First pass: political (subsuming legislative etc), cultural (subsuming ideology, media, and various ingroup/outgroup markers), technological, economic, military.
It’s entirely appropriate to suggest that between executive orders and regulatory rulemaking, the US Executive Branch has become a de facto legislature.
And judiciary, with Administrative Law Judges.
Yup. With their also getting to decide whether you are out of appeals — until then, you can’t go to the real courts.
And when they do go to the real courts, it’s under a “substantial evidence” standard, which means that even if the decision is clearly erroneous, if there’s any evidence at all that could back it up, it stands. It is not true that they play the Captain Kangaroo theme at such hearings, but they should.
Of course, the judiciary has also become a de facto legislature. It may be that our official legislative branch is the least legislature-like.
Interesting that their most well-known feature of late is their hearings – which look an awful lot like courts.
It seems to me that you are conflating the powers of government with how they are structured. All governments must, by necessity, exercise legislative, executive, and judicial powers (i.e,, they must create laws, execute laws, and interpret laws). That is true even if those powers are exercised on an ad hoc basis at the arbitrary whim of a single person. It is the separation of powers into three discrete branches which describes the structure of a particular society, not the existence of the powers themselves.
If your society is run by the whim of an all powerful emperor dictator, I fail to see how there are anything I would call “laws” there.
Normally, you separate “rule of law” from “rule of man”.
Ok, so call them “rules” or “edicts” rather than “laws.” The label is unimportant. The whim of an all powerful dictator is functionally the same as laws passed by Congress, even if they are not legitimate to modern, Western eyes.
If I am a dictator who wakes up one day and wants to throw a party, I might proclaim, “each of my subjects must give me 10% of their food.” In so doing, I have exercised the legislative power. When I send my soldiers to collect, I am exercising the executive power. If my soldiers seize 10 percent of a peasant’s beer, and the peasant complains that beer is not “food,” I might say,”food includes all that is consumed at parties” or I might say, “you’re right.” In either case, I am exercising the judicial power.
It is interesting to contrast your comment with that of SuiJuris, just below yours.
But more to the point: all governments must, by necessity, do all sorts of things. It seems to me that if we take the entirety of everything that all governments do, or must do, and put it all into a big pile, and then separate it back out into several piles, we can do that separation in various ways. Sure, we can make three piles and label them “create laws”, “execute laws”, and “interpret laws”. But surely that’s not the only possible way to categorize government actions? Surely there are other ways? And perhaps some of those ways might even be more informative, or might more neatly “carve reality at the joints”? Or do you suggest that this particular division is the only one that is possible or sensible?
Hm, I cannot think of anything that any govt ever has ever done which does not fall into one of those categories. Those define how governments act, as far as I can tell.
Do you have any such categorization in mind?

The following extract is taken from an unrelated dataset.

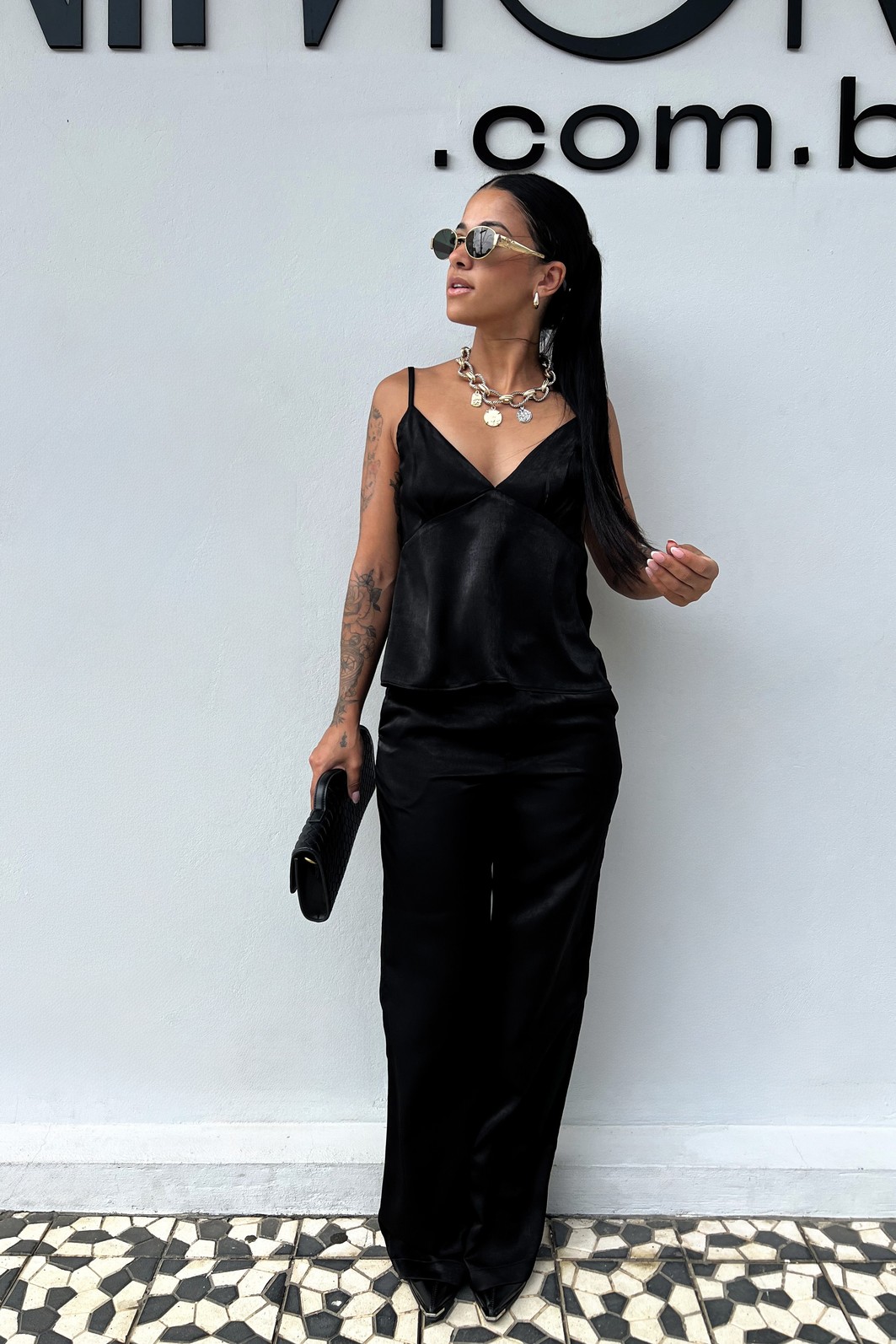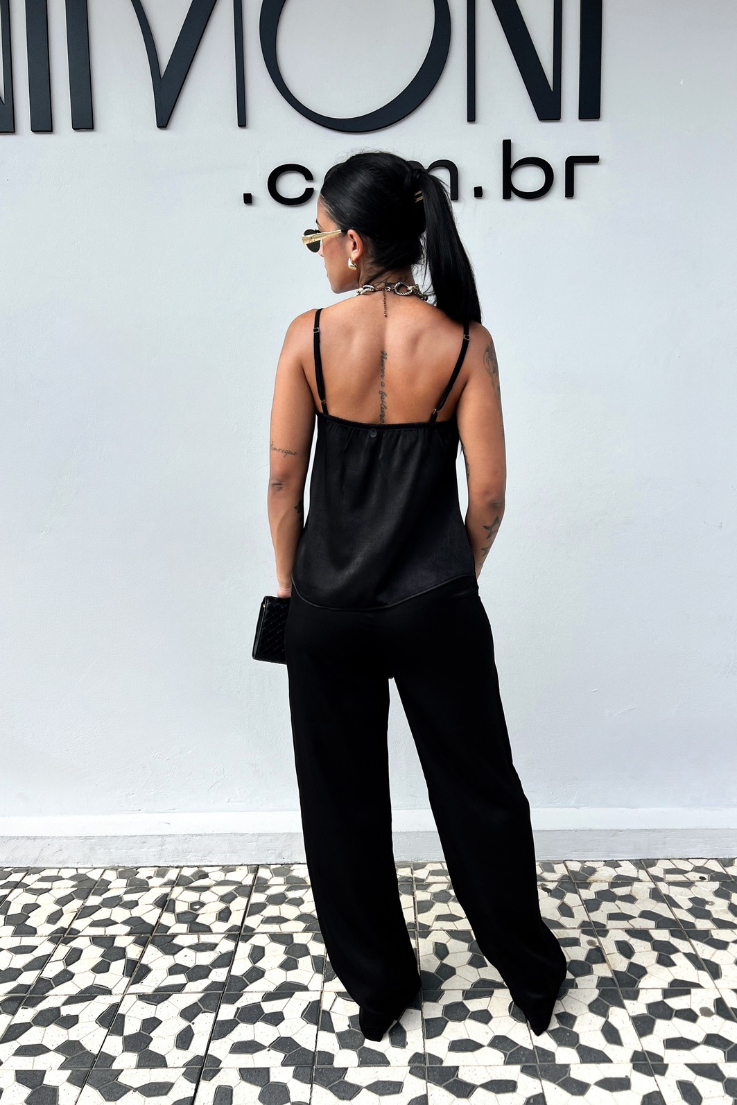 Combine com camisa ou blazer para um visual sofisticado, ou aposte em uma blusa de alça para um look moderno e equilibrado.

I agree with hour point in principle, but I can’t come up with a good example that doesn’t feel significantly more contrived than the traditional one.
I am reminded of a Twitter misunderstanding I had which hinged on the fact that in the US you call the executive, legislature and judiciary the three branches of government, whereas in the UK (traditionally, at least) only the executive is thought of as the “government”. The legislature and the judiciary not the government in UK terms, but they are institutions in the life of the state: and so are the church(es), the press, the universities etc etc, even though none of these are “the government” either.
I wondered whether Scott was going to explore the nebulousness of culture, in that although persons and institutions help to create culture, no one person or institution is individually responsible for it.